Task requirements:
Using the material below, repeat exactly the lines from the one with "夏立新对杨顺清、廖望科一行的" through the one with "多くの評価項目にて、最高ラン", ends included, without any images.

Exercise materials:
++++++++++

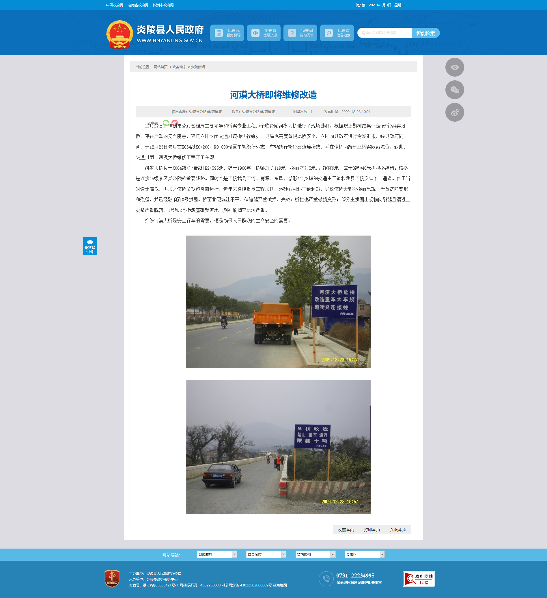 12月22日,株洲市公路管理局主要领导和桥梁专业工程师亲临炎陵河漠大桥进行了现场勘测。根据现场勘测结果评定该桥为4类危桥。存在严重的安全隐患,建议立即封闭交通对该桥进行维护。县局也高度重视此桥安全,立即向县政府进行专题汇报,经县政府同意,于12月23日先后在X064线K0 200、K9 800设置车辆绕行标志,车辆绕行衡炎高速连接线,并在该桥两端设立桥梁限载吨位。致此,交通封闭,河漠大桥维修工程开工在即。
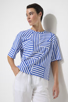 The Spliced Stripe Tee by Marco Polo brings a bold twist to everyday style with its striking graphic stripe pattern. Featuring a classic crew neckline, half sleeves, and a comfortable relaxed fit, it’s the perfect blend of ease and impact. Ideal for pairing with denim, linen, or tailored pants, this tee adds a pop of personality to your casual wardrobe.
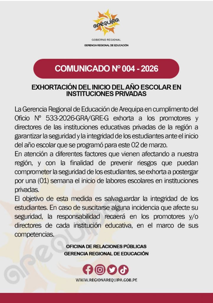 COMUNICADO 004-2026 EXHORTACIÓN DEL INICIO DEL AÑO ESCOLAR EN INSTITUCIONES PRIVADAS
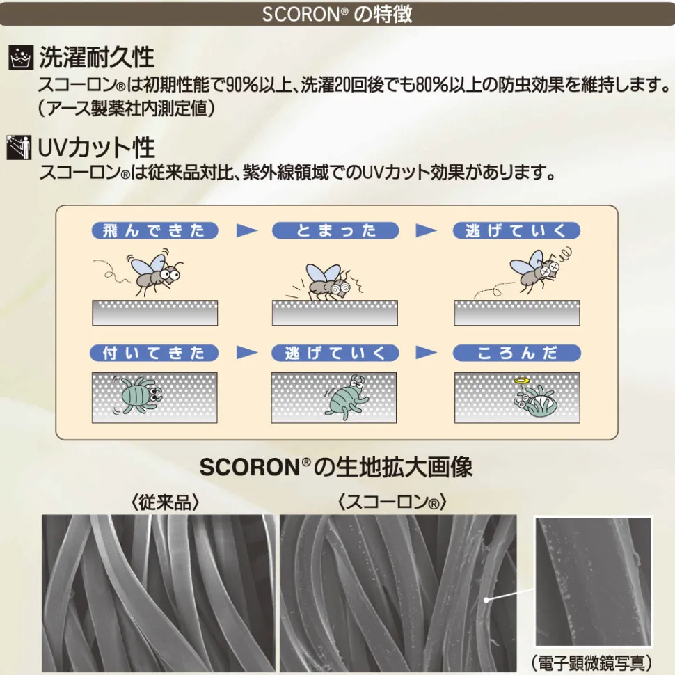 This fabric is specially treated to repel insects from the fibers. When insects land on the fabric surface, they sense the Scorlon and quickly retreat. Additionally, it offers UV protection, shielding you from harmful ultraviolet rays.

++++++++++

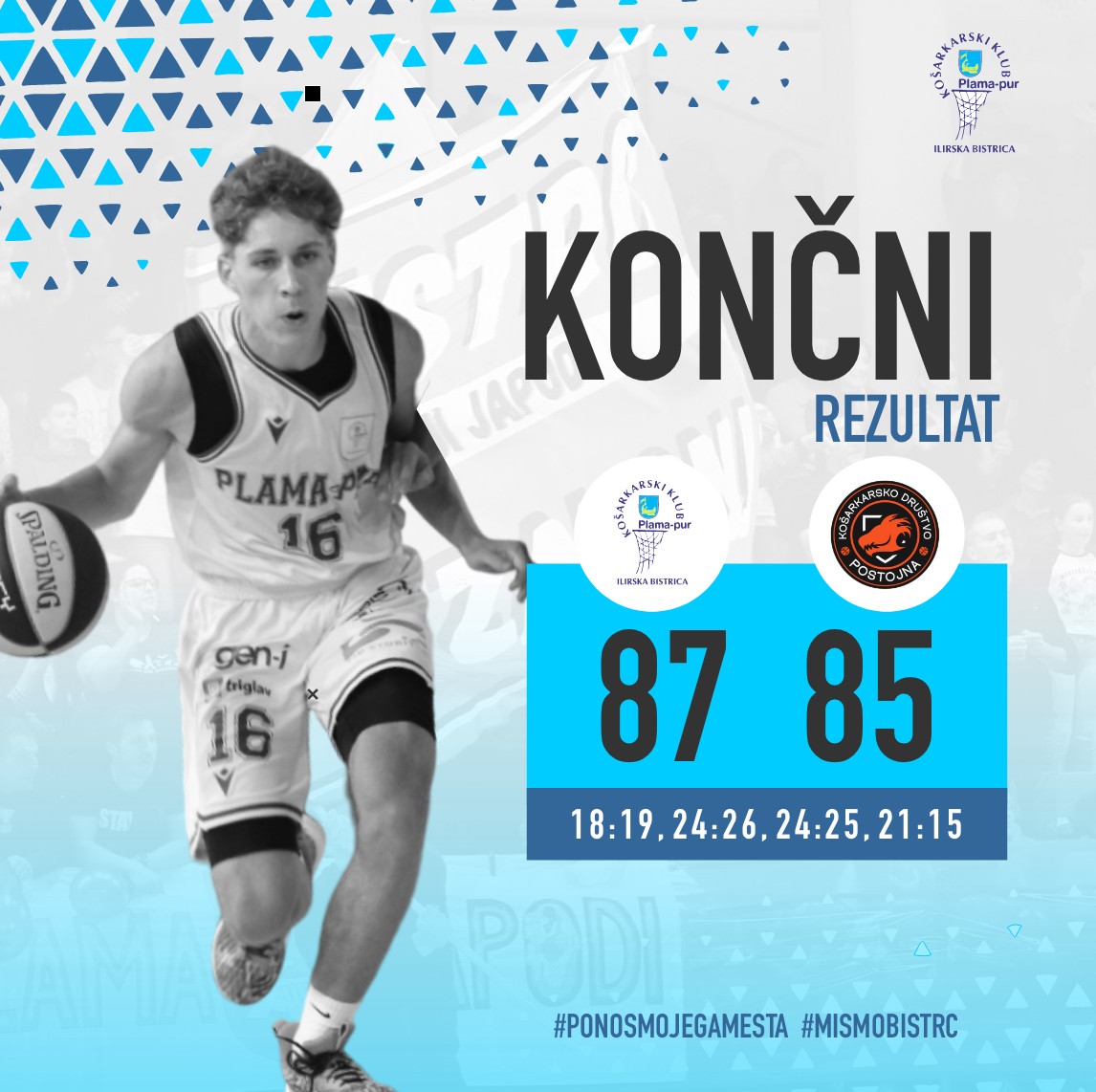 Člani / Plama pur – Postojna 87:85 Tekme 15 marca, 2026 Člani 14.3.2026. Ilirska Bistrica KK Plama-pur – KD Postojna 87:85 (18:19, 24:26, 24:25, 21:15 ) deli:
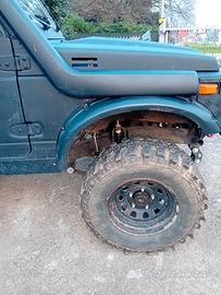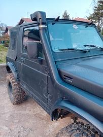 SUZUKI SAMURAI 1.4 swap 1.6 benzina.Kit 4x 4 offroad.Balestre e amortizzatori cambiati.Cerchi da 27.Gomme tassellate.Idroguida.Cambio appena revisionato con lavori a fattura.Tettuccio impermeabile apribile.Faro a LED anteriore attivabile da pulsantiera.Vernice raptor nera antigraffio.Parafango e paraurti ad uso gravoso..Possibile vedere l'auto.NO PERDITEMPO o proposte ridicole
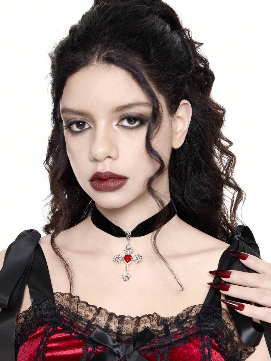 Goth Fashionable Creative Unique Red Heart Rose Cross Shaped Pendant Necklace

++++++++++

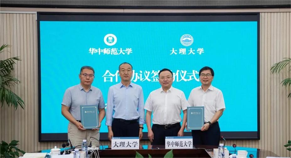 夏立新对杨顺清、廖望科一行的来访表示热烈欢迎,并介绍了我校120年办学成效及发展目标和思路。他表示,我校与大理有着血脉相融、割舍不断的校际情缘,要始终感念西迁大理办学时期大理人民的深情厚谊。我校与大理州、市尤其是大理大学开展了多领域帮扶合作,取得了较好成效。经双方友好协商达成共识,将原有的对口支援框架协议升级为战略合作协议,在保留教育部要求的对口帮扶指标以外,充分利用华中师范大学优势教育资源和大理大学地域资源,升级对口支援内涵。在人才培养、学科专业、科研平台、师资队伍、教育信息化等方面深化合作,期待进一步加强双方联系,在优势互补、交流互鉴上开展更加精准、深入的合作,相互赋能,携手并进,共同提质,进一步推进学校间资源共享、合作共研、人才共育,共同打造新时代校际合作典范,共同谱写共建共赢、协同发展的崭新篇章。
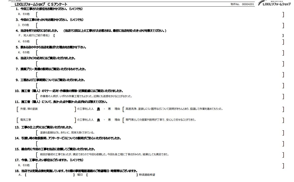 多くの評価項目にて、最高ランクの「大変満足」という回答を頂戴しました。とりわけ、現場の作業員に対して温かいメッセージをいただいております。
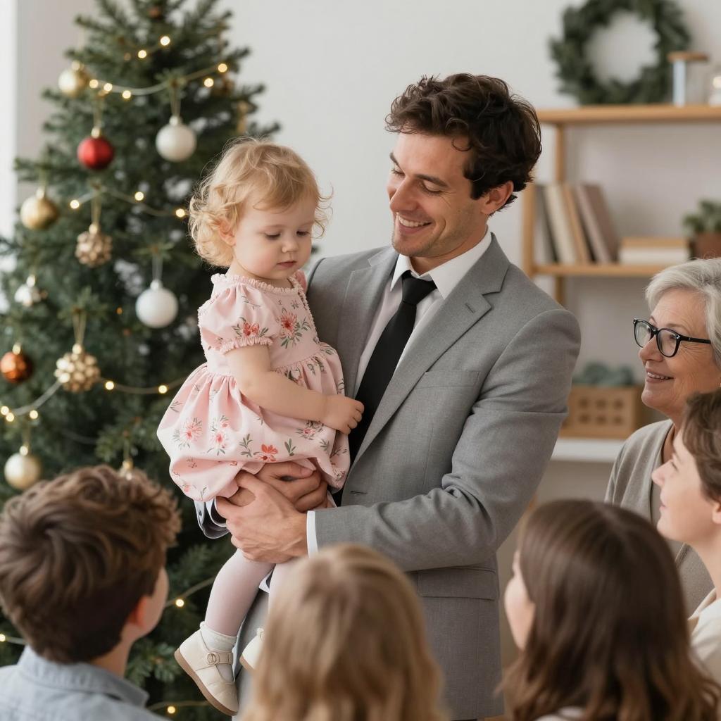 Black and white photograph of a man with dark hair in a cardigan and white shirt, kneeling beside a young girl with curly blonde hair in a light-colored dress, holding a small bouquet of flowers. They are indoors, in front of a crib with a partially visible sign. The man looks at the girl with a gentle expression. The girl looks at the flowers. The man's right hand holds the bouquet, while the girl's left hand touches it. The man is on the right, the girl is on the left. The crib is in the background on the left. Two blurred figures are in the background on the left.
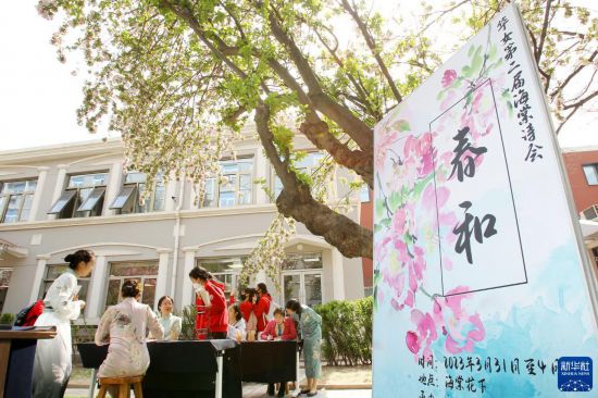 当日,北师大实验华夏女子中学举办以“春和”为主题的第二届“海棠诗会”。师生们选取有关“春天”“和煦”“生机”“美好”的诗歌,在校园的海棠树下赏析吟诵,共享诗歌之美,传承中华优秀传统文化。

++++++++++

Finished exercise:
 夏立新对杨顺清、廖望科一行的来访表示热烈欢迎,并介绍了我校120年办学成效及发展目标和思路。他表示,我校与大理有着血脉相融、割舍不断的校际情缘,要始终感念西迁大理办学时期大理人民的深情厚谊。我校与大理州、市尤其是大理大学开展了多领域帮扶合作,取得了较好成效。经双方友好协商达成共识,将原有的对口支援框架协议升级为战略合作协议,在保留教育部要求的对口帮扶指标以外,充分利用华中师范大学优势教育资源和大理大学地域资源,升级对口支援内涵。在人才培养、学科专业、科研平台、师资队伍、教育信息化等方面深化合作,期待进一步加强双方联系,在优势互补、交流互鉴上开展更加精准、深入的合作,相互赋能,携手并进,共同提质,进一步推进学校间资源共享、合作共研、人才共育,共同打造新时代校际合作典范,共同谱写共建共赢、协同发展的崭新篇章。
 多くの評価項目にて、最高ランクの「大変満足」という回答を頂戴しました。とりわけ、現場の作業員に対して温かいメッセージをいただいております。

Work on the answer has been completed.